▶ [Source records]:
════════

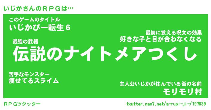 | ファンタジー風あだ名 | 『イジフェル』『エターナルイジカー』 |
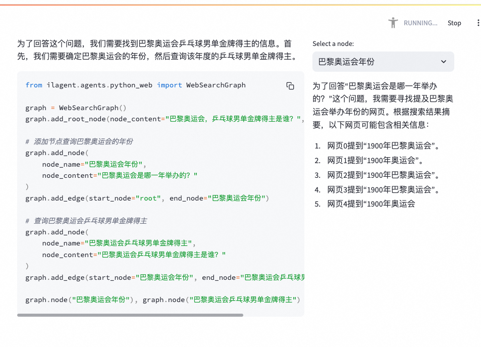 如下面视频所示,对于多步骤的复杂问题,模型能够分析用户需求,再针对每一个技术难点搜索对应的解决方案,最后总结并输出答案。
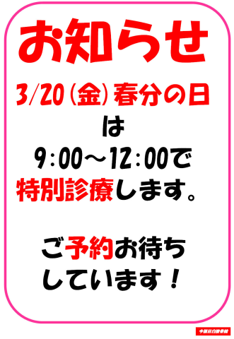 3/20(金)春分の日は9:00~12:00で特別診療します。ご予約お待ちしています。
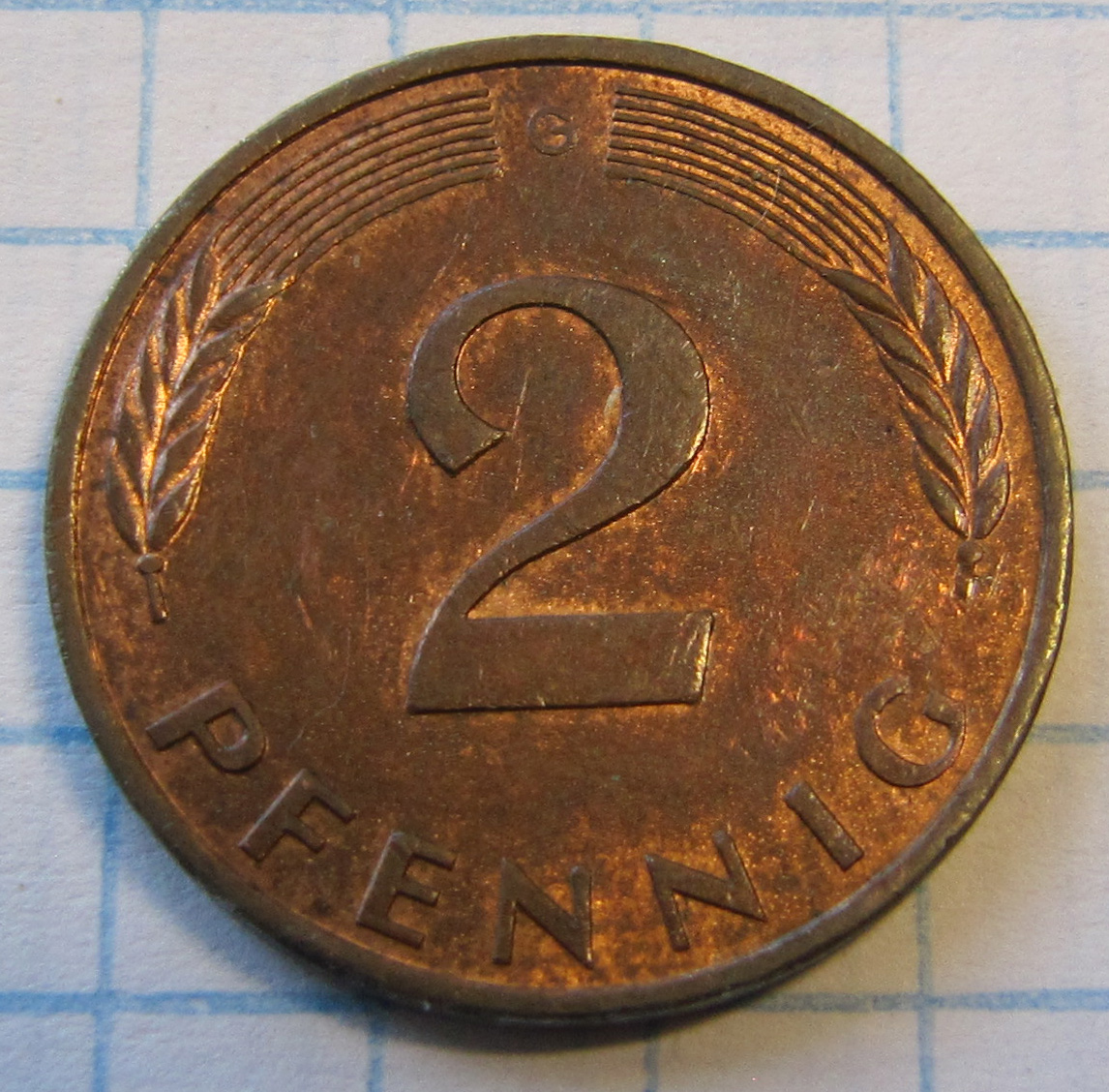 Аверс:в центре номинал 2 PFENNIG, по бокам два колоска, вверху монеты литера обозначающая монетный двор.
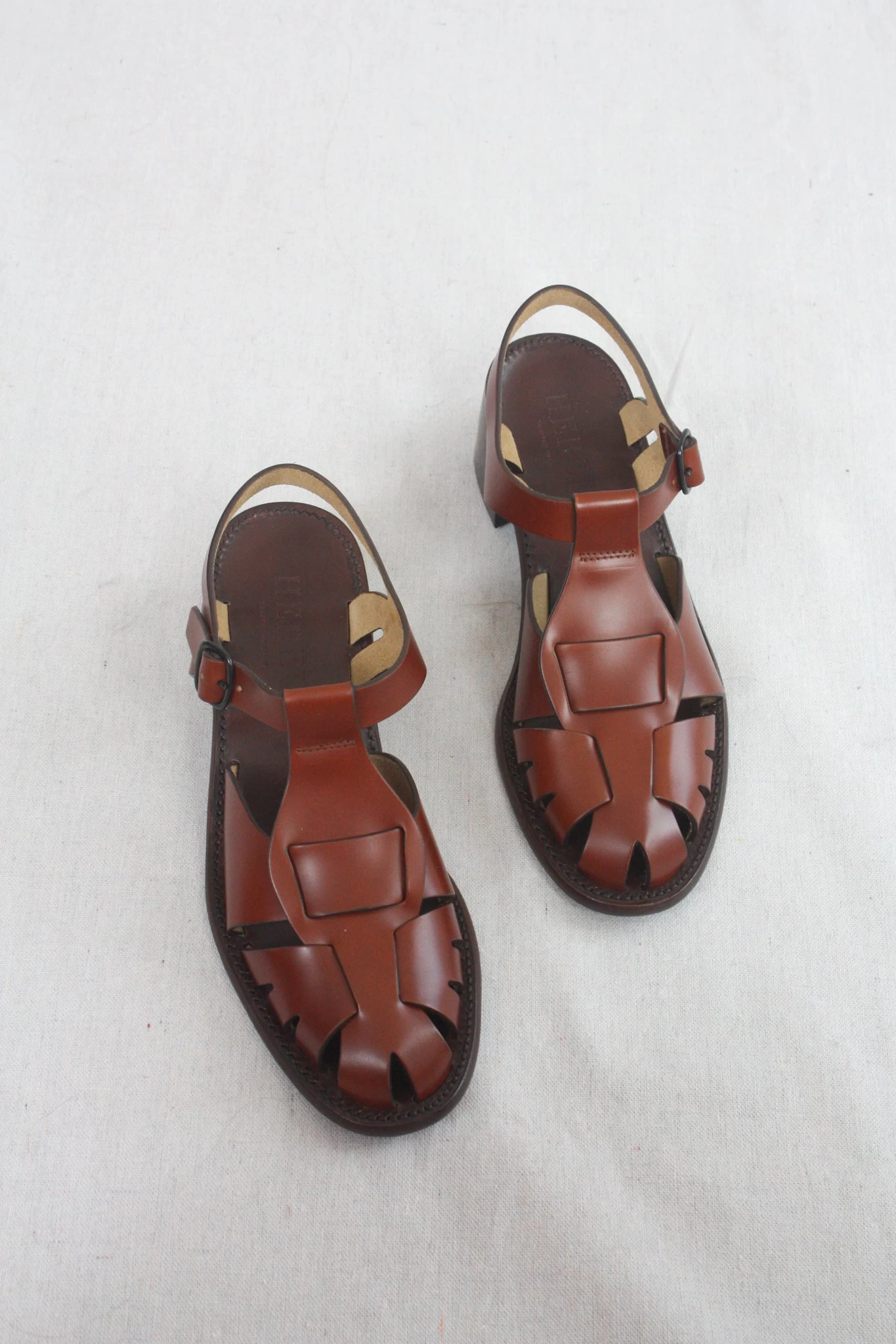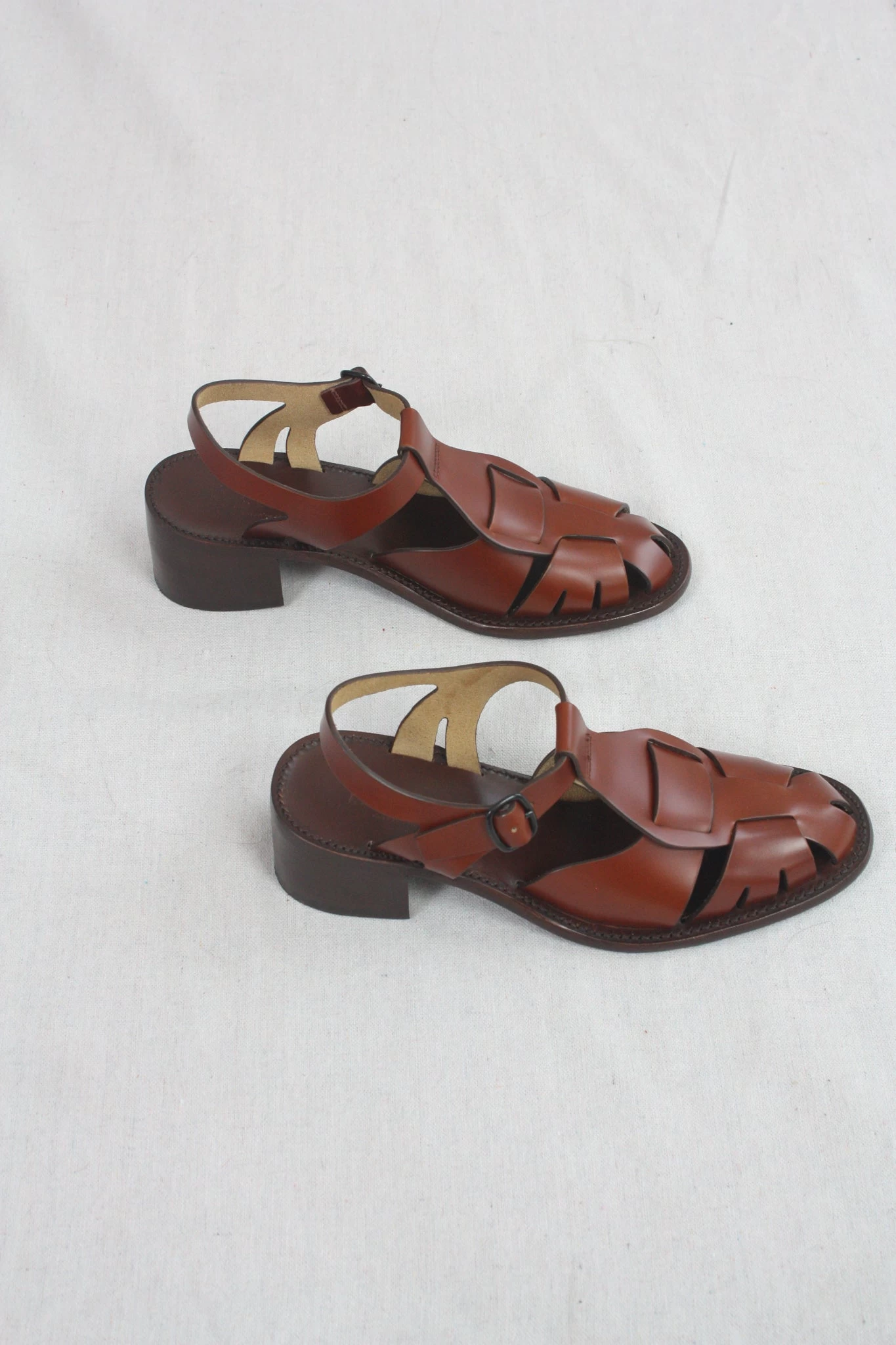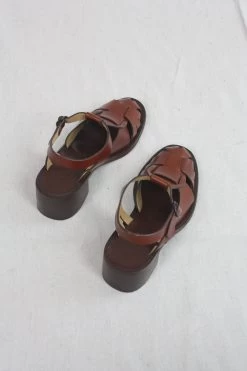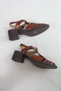 Heeled t-bar sandal crafted in Spanish full-grain leather. Leather outsole with stacked leather heel. Adjustable buckle fastening.
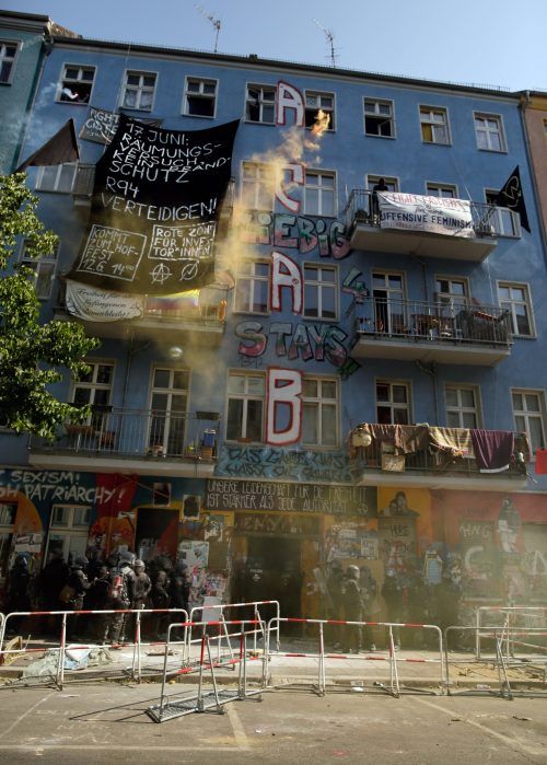 Berlin – Als die Beamten mit einer Motorsäge die erste Tür öffnen, zünden die Bewohner Bengalos. Die Einsatzkräfte öffnen auch eine zweite Eingangstür und verschaffen sich zudem über den Hof eines Nebengebäudes Zugang. Dort werden sie von Bewohnern mit Farbbeuteln beworfen und mit Feuerlöschmittel b
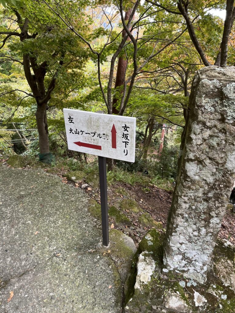 分かれ道の看板 左折して正面参道を登ります レッツトレーニング😁 脚に不安のある方は、右折してらくらく参道のスロープを登り下さい
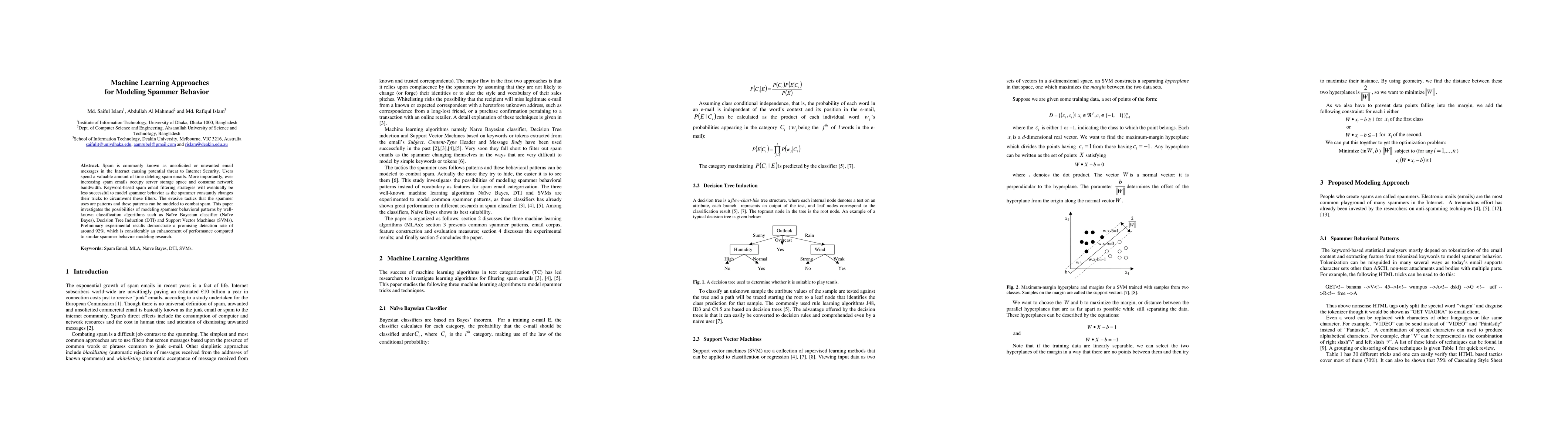 This paper explores machine learning techniques, including Naive Bayes, Decision Tree Induction, and Support Vector Machines, to model spammer behavioral patterns, achieving a detection rate of approximately 92%, surpassing traditional keyword-based filtering methods.
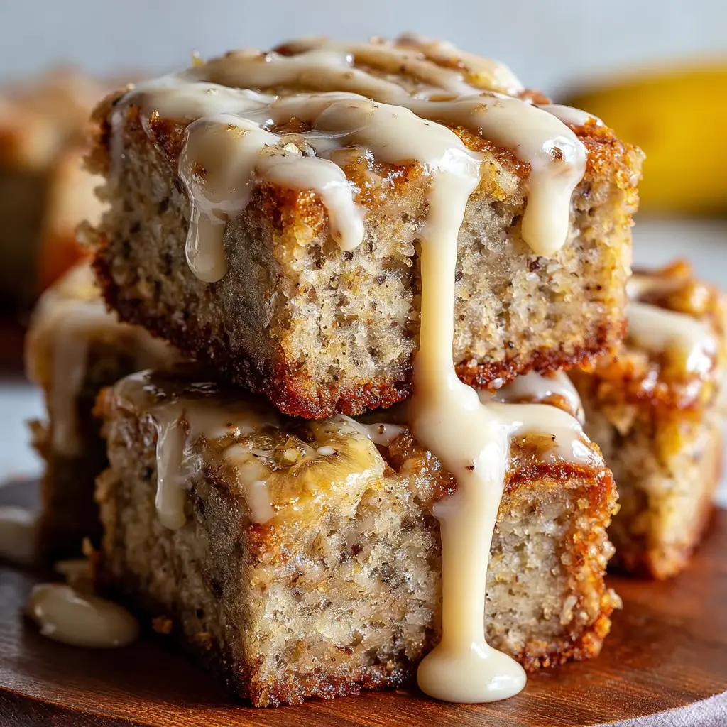 Deliciously moist and flavorful banana bars topped with a rich vanilla and browned butter glaze.
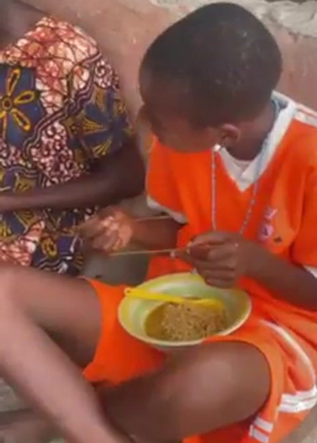 Two young people are sitting on a concrete ledge outside of a small building. One is wearing a colorful patterned dress and eating from a clear plastic container. The other is wearing an orange t-shirt and shorts and eating noodles from a yellow bowl with a spoon and what appears to be wooden chopsticks. They seem to be conversing and enjoying their meals. Behind them, the building is adorned with various items, including boxes, frames, and hanging goods, indicating a small shop or store. The surrounding environment appears to be an outdoor area with scattered debris and simple structures.

════════

▶ [EXERCISE DESCRIPTION]: Only the lines from where the data begins to the line with "分かれ道の看板 左折して正面参道を登ります レッツトレーニング😁", both of them included, should be reproduced word for word; no pictures.

▶ [ANSWER AREA]:
 | ファンタジー風あだ名 | 『イジフェル』『エターナルイジカー』 |
 如下面视频所示,对于多步骤的复杂问题,模型能够分析用户需求,再针对每一个技术难点搜索对应的解决方案,最后总结并输出答案。
 3/20(金)春分の日は9:00~12:00で特別診療します。ご予約お待ちしています。
 Аверс:в центре номинал 2 PFENNIG, по бокам два колоска, вверху монеты литера обозначающая монетный двор.
 Heeled t-bar sandal crafted in Spanish full-grain leather. Leather outsole with stacked leather heel. Adjustable buckle fastening.
 Berlin – Als die Beamten mit einer Motorsäge die erste Tür öffnen, zünden die Bewohner Bengalos. Die Einsatzkräfte öffnen auch eine zweite Eingangstür und verschaffen sich zudem über den Hof eines Nebengebäudes Zugang. Dort werden sie von Bewohnern mit Farbbeuteln beworfen und mit Feuerlöschmittel b
 分かれ道の看板 左折して正面参道を登ります レッツトレーニング😁 脚に不安のある方は、右折してらくらく参道のスロープを登り下さい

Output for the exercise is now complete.